## Work item
Could you copy exactly the lines below from the one with "在本人书画鉴定经历中,我总结" to the one with "Liquidi e panni", inclusive, leaving out any pictures?

(Source records)
-- Opening Marker --

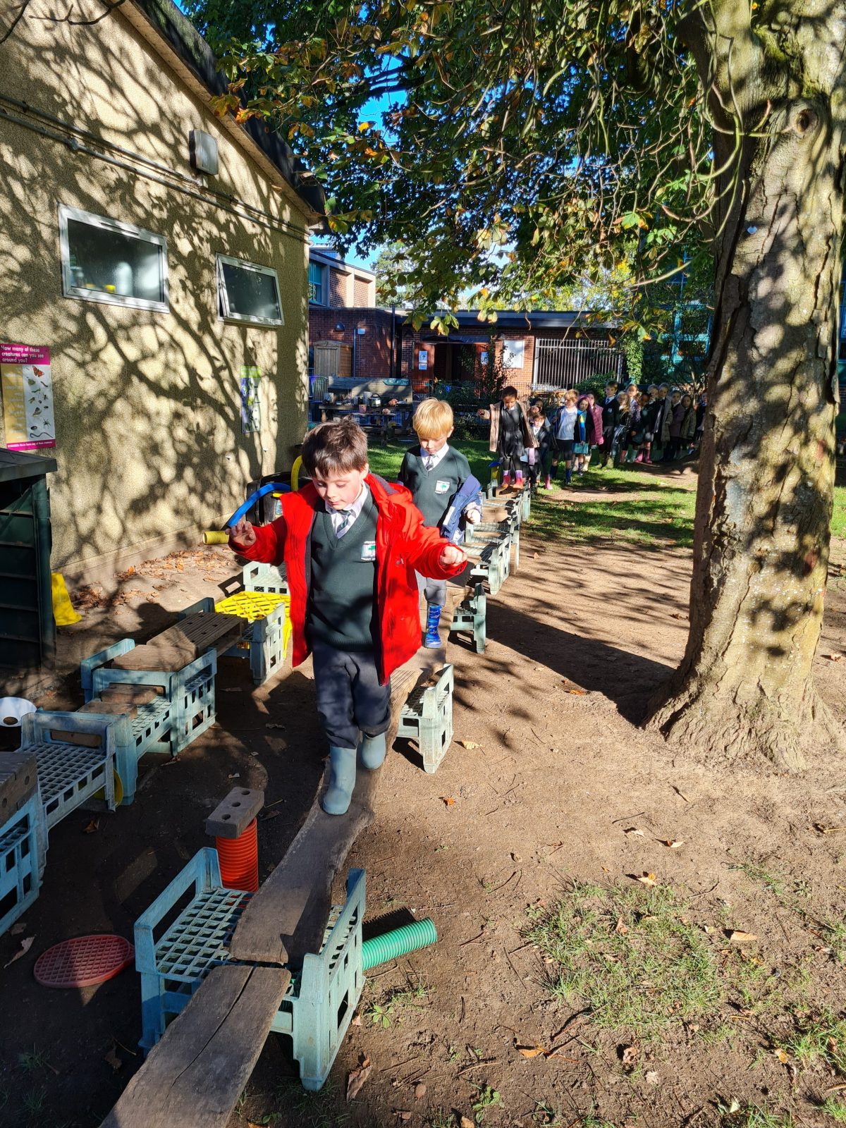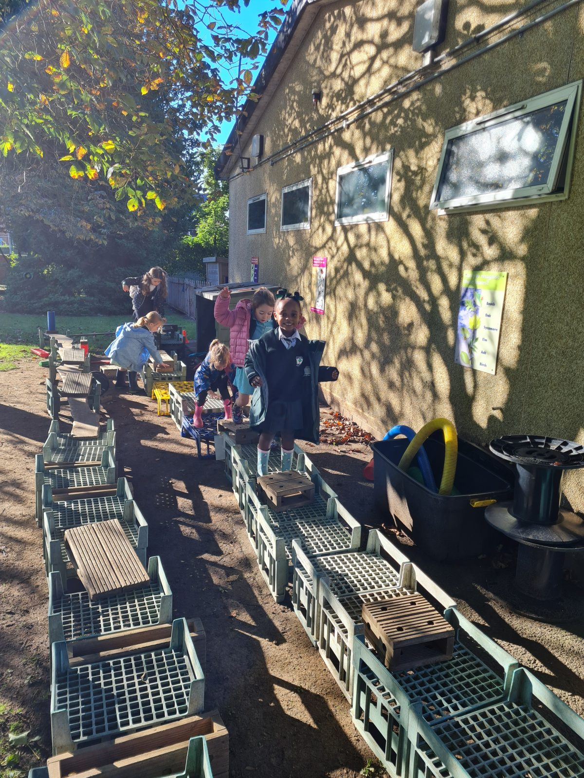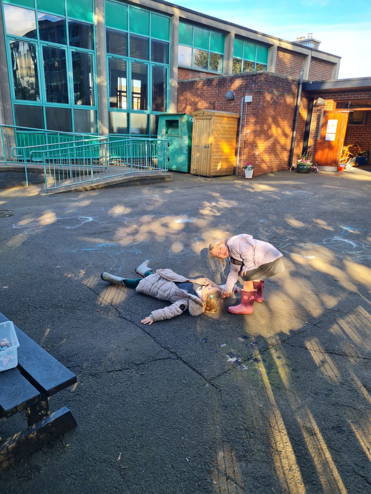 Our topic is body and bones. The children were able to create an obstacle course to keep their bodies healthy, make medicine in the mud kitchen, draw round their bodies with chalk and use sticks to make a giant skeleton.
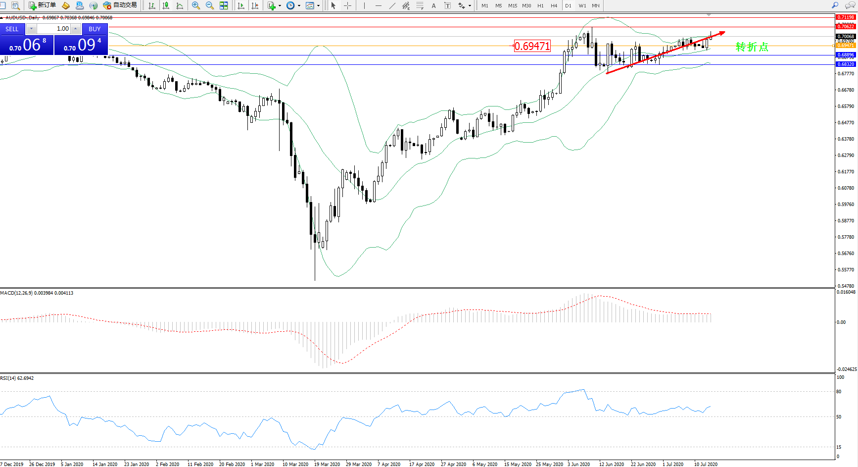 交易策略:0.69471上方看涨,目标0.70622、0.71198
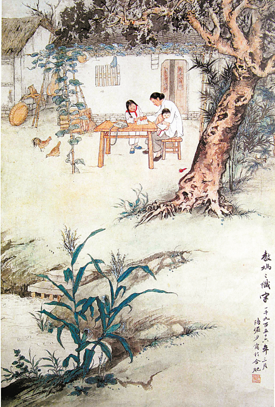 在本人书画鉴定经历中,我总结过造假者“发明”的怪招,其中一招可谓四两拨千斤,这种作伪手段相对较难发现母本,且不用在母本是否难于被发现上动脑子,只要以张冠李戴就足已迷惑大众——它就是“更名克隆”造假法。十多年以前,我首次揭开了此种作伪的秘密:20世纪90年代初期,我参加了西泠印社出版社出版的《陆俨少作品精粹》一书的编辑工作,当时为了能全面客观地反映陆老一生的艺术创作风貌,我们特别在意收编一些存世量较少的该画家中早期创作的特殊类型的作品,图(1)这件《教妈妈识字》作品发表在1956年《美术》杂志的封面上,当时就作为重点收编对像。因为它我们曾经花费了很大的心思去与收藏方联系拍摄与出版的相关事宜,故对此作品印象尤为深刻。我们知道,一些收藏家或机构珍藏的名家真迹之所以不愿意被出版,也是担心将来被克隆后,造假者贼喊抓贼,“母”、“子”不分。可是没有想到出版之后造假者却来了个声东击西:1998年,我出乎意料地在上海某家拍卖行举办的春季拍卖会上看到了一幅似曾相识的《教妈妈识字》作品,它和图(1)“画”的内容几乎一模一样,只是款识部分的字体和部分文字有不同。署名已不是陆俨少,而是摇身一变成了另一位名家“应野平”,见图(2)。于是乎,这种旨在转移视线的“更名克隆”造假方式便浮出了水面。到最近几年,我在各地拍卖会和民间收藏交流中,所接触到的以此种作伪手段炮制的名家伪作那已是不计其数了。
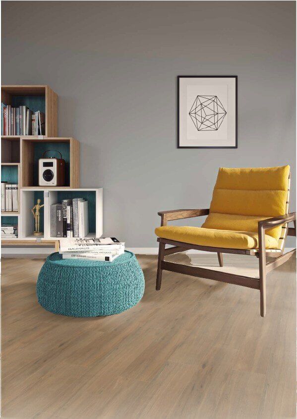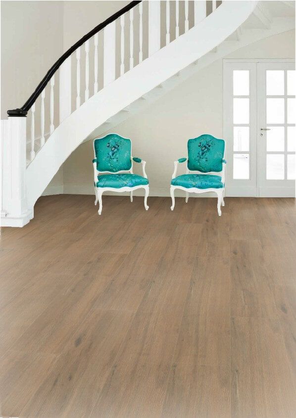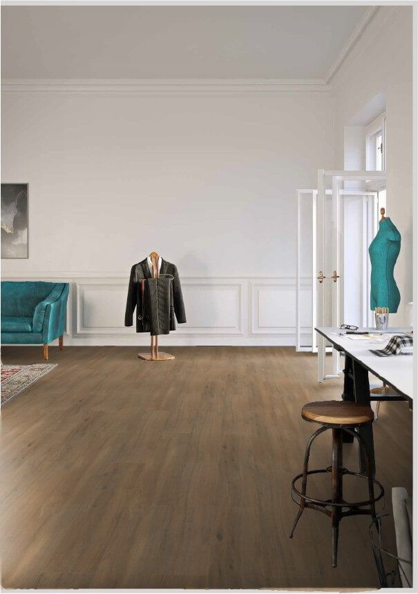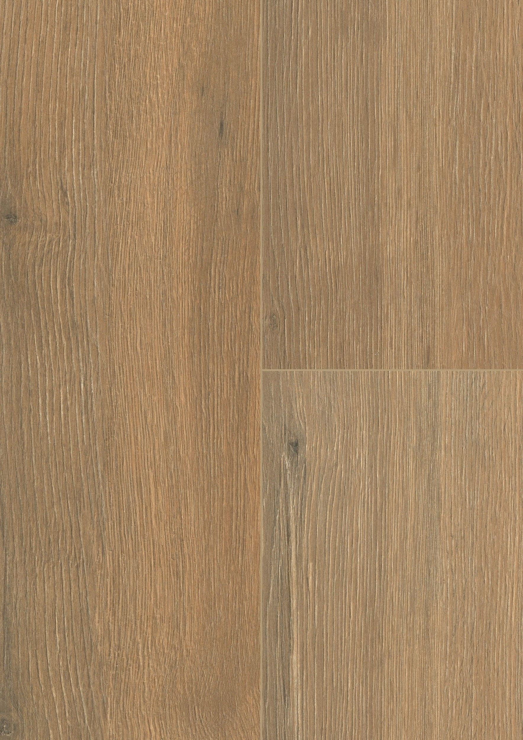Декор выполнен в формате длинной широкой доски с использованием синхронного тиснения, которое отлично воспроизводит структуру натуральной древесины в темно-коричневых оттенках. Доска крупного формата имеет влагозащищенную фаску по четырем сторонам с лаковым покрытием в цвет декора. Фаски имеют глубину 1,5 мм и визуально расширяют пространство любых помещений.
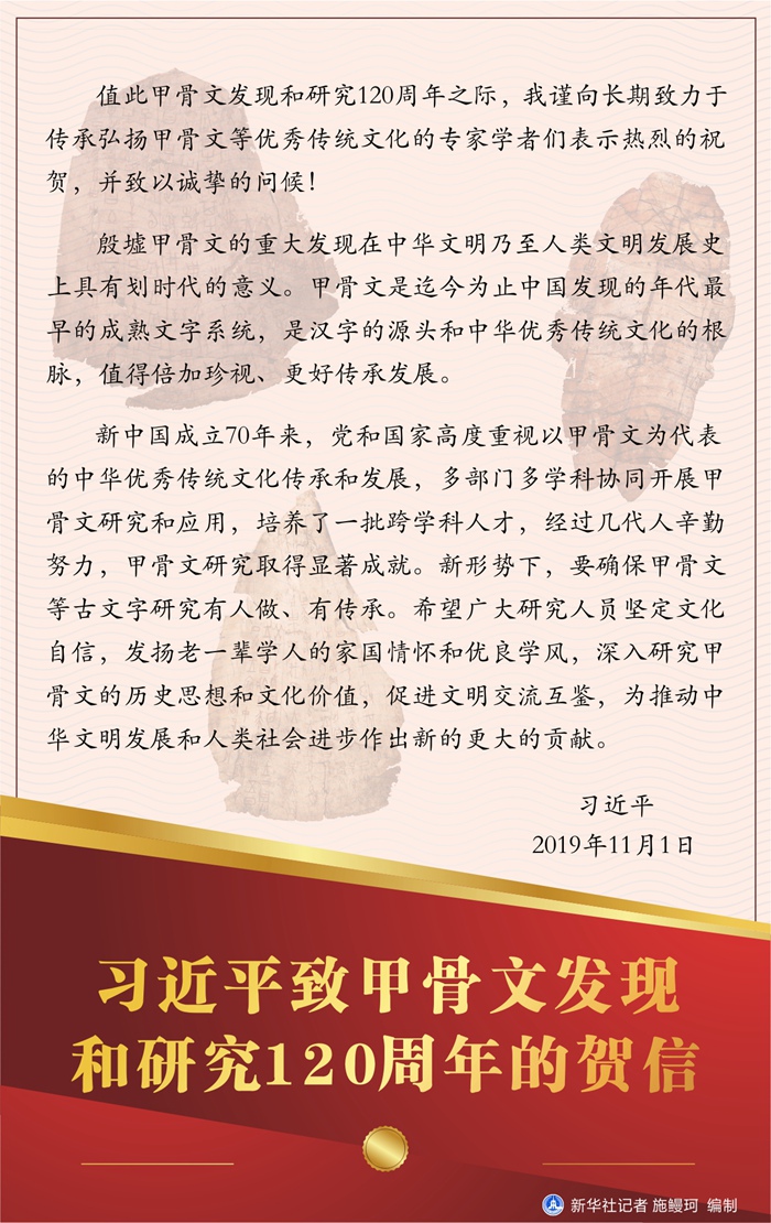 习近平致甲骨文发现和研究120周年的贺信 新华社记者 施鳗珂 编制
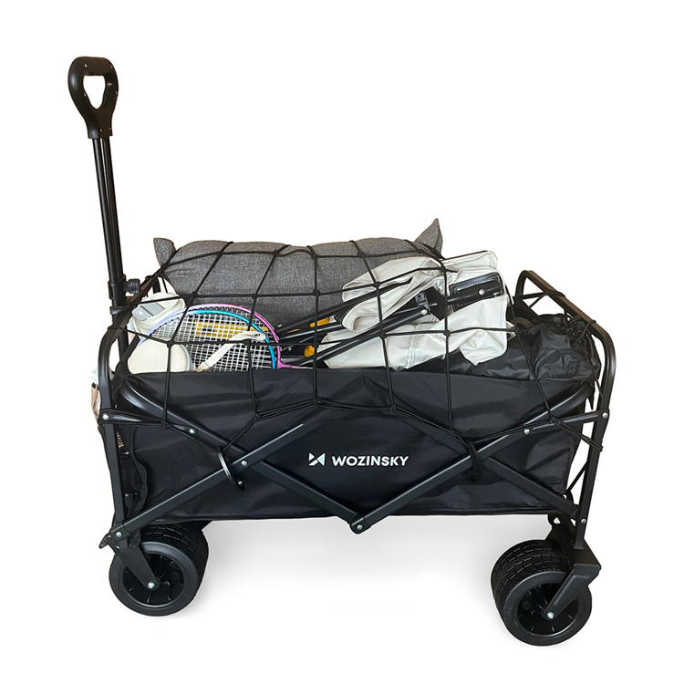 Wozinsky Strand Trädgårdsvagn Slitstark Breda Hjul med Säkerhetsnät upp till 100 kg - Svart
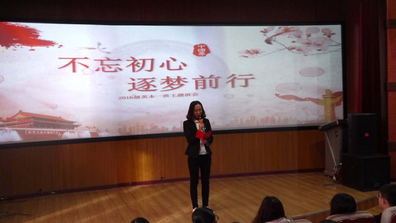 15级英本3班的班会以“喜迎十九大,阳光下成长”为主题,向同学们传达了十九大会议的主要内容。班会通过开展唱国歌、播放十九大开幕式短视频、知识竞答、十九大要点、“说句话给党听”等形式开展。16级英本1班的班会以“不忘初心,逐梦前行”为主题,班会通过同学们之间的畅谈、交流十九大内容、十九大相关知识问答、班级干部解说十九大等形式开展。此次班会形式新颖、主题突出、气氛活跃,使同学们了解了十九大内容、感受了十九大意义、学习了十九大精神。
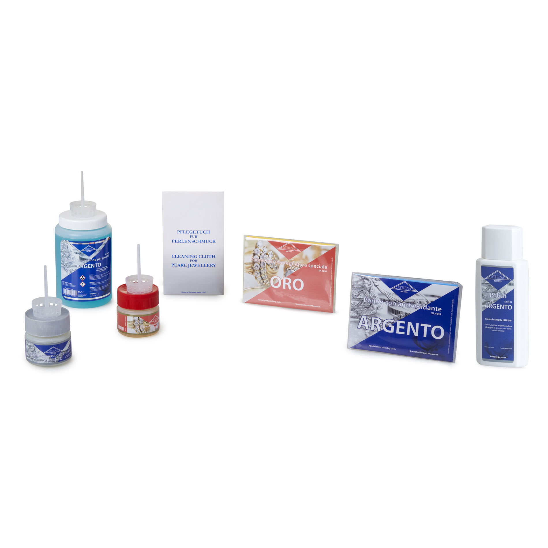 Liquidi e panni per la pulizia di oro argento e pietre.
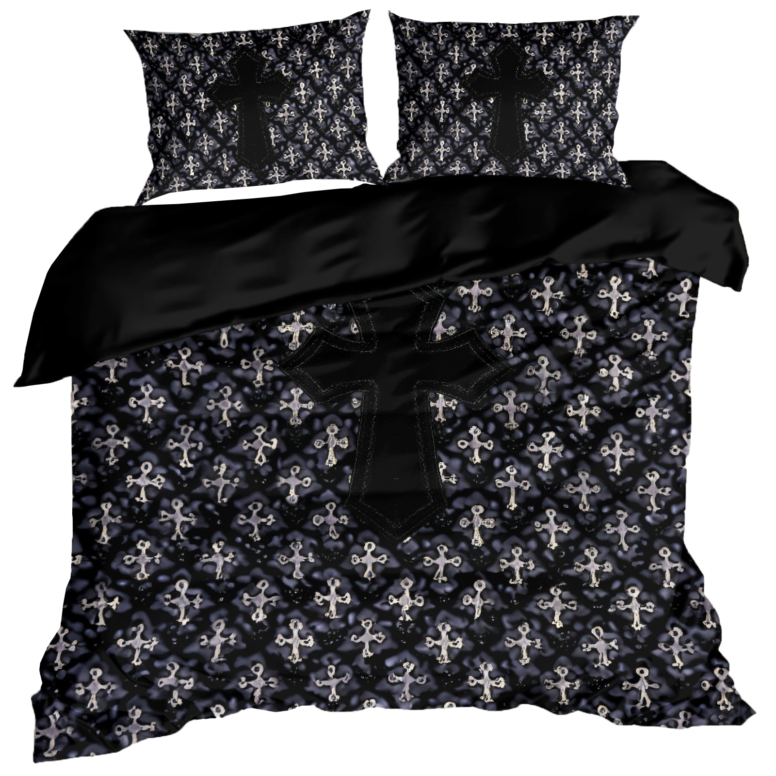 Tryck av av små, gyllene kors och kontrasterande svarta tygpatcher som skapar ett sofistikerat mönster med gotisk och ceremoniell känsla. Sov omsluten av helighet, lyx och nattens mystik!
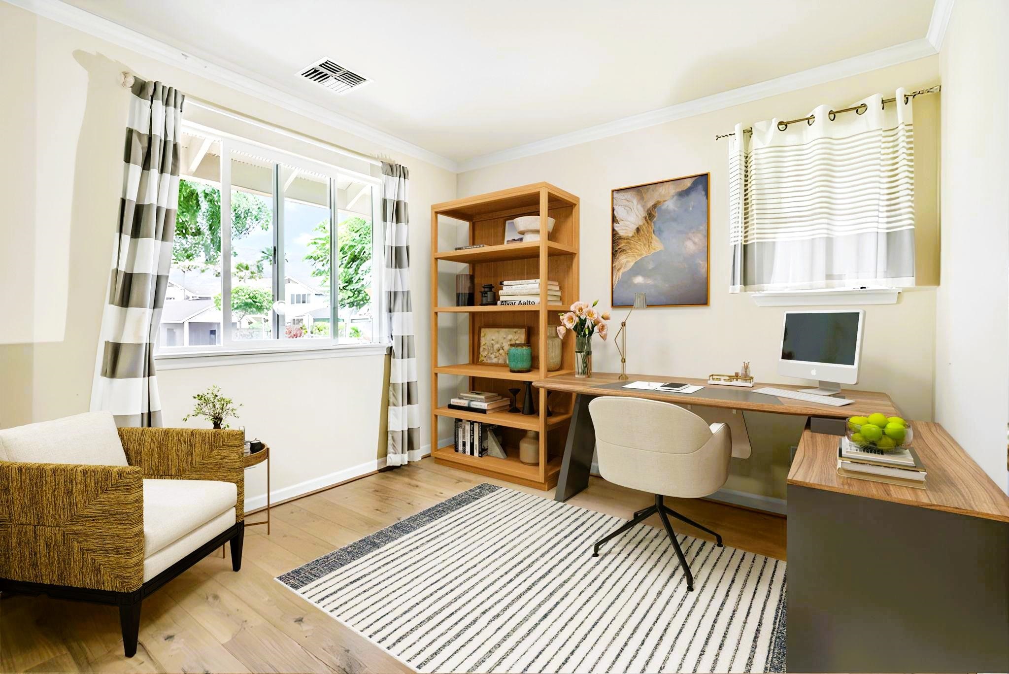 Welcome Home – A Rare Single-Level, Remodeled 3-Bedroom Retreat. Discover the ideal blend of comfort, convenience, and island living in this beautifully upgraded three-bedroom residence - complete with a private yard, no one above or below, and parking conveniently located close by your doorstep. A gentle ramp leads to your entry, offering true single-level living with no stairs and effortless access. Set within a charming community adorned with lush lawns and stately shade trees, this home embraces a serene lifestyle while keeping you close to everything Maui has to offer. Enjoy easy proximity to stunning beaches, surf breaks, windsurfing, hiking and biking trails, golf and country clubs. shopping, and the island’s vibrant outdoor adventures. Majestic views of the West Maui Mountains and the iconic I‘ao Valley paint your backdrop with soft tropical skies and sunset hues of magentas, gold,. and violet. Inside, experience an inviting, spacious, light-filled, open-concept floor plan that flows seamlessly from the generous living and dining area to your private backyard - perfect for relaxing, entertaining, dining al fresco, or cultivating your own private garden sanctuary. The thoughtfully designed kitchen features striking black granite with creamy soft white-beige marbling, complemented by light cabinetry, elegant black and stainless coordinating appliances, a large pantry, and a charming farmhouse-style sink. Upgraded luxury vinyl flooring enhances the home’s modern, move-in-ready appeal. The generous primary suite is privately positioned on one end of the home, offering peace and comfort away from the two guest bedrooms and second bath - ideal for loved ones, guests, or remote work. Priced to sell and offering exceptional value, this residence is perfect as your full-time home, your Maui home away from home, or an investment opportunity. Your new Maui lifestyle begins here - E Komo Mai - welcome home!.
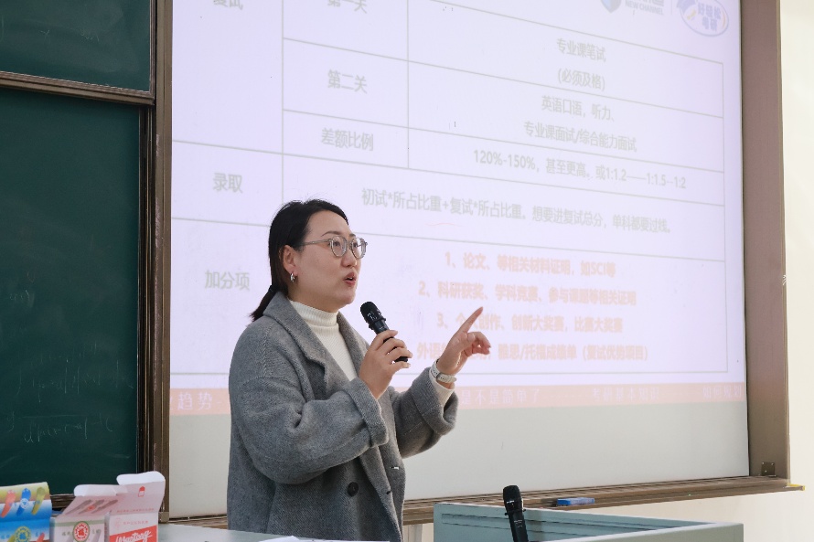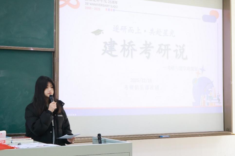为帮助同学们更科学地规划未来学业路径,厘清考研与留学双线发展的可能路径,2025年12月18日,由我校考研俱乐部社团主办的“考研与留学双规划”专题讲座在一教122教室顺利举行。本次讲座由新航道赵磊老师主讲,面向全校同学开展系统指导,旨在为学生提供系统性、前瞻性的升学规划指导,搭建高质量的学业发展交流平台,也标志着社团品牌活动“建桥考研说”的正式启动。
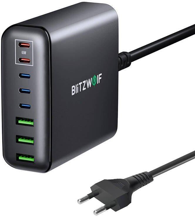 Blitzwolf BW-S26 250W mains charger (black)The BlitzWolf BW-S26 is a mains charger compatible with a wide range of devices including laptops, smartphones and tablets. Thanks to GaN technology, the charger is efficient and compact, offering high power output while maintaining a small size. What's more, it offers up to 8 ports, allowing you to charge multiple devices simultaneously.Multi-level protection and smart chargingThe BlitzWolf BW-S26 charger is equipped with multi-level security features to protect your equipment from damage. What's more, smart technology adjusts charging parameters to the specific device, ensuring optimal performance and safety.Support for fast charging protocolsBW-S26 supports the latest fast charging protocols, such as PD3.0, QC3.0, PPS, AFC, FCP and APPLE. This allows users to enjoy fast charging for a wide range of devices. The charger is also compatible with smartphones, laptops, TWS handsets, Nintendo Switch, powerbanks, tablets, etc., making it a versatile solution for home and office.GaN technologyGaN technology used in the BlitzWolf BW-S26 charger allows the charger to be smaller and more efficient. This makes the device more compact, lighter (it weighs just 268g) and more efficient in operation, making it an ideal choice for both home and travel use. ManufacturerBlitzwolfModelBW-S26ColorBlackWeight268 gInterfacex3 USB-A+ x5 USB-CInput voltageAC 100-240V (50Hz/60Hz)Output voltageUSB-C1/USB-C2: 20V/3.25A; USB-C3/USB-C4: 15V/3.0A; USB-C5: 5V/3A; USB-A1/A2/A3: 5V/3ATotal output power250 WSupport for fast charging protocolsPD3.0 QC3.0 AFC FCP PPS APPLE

-- Closing Marker --

## Answer to this task
 在本人书画鉴定经历中,我总结过造假者“发明”的怪招,其中一招可谓四两拨千斤,这种作伪手段相对较难发现母本,且不用在母本是否难于被发现上动脑子,只要以张冠李戴就足已迷惑大众——它就是“更名克隆”造假法。十多年以前,我首次揭开了此种作伪的秘密:20世纪90年代初期,我参加了西泠印社出版社出版的《陆俨少作品精粹》一书的编辑工作,当时为了能全面客观地反映陆老一生的艺术创作风貌,我们特别在意收编一些存世量较少的该画家中早期创作的特殊类型的作品,图(1)这件《教妈妈识字》作品发表在1956年《美术》杂志的封面上,当时就作为重点收编对像。因为它我们曾经花费了很大的心思去与收藏方联系拍摄与出版的相关事宜,故对此作品印象尤为深刻。我们知道,一些收藏家或机构珍藏的名家真迹之所以不愿意被出版,也是担心将来被克隆后,造假者贼喊抓贼,“母”、“子”不分。可是没有想到出版之后造假者却来了个声东击西:1998年,我出乎意料地在上海某家拍卖行举办的春季拍卖会上看到了一幅似曾相识的《教妈妈识字》作品,它和图(1)“画”的内容几乎一模一样,只是款识部分的字体和部分文字有不同。署名已不是陆俨少,而是摇身一变成了另一位名家“应野平”,见图(2)。于是乎,这种旨在转移视线的“更名克隆”造假方式便浮出了水面。到最近几年,我在各地拍卖会和民间收藏交流中,所接触到的以此种作伪手段炮制的名家伪作那已是不计其数了。
Декор выполнен в формате длинной широкой доски с использованием синхронного тиснения, которое отлично воспроизводит структуру натуральной древесины в темно-коричневых оттенках. Доска крупного формата имеет влагозащищенную фаску по четырем сторонам с лаковым покрытием в цвет декора. Фаски имеют глубину 1,5 мм и визуально расширяют пространство любых помещений.
 习近平致甲骨文发现和研究120周年的贺信 新华社记者 施鳗珂 编制
 Wozinsky Strand Trädgårdsvagn Slitstark Breda Hjul med Säkerhetsnät upp till 100 kg - Svart
 15级英本3班的班会以“喜迎十九大,阳光下成长”为主题,向同学们传达了十九大会议的主要内容。班会通过开展唱国歌、播放十九大开幕式短视频、知识竞答、十九大要点、“说句话给党听”等形式开展。16级英本1班的班会以“不忘初心,逐梦前行”为主题,班会通过同学们之间的畅谈、交流十九大内容、十九大相关知识问答、班级干部解说十九大等形式开展。此次班会形式新颖、主题突出、气氛活跃,使同学们了解了十九大内容、感受了十九大意义、学习了十九大精神。
 Liquidi e panni per la pulizia di oro argento e pietre.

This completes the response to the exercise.